_Task goal_
Using the listing below, set down exactly the lines starting at the line that contains "La tierra y" and ending at the line that contains "I also had a", both included, and no others.

_Data supplied_
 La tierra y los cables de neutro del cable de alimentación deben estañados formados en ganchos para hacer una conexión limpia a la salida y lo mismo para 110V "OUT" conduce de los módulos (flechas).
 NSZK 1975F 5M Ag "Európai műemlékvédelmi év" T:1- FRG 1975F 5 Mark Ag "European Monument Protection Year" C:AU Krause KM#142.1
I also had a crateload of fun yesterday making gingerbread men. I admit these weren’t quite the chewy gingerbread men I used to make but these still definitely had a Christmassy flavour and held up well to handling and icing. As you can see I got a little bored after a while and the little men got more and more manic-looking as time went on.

==

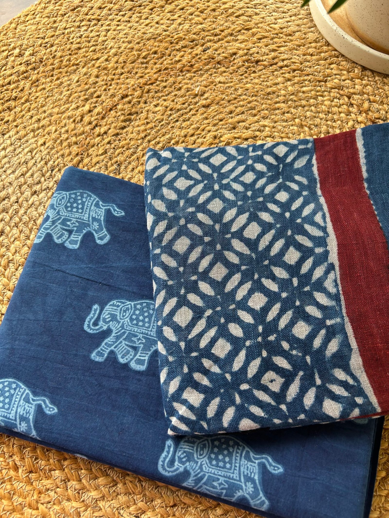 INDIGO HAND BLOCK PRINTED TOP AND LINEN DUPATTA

==

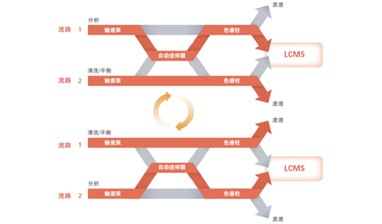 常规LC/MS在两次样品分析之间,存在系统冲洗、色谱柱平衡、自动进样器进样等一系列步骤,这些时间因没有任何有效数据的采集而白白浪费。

_Exercise response_
 La tierra y los cables de neutro del cable de alimentación deben estañados formados en ganchos para hacer una conexión limpia a la salida y lo mismo para 110V "OUT" conduce de los módulos (flechas).
 NSZK 1975F 5M Ag "Európai műemlékvédelmi év" T:1- FRG 1975F 5 Mark Ag "European Monument Protection Year" C:AU Krause KM#142.1
I also had a crateload of fun yesterday making gingerbread men. I admit these weren’t quite the chewy gingerbread men I used to make but these still definitely had a Christmassy flavour and held up well to handling and icing. As you can see I got a little bored after a while and the little men got more and more manic-looking as time went on.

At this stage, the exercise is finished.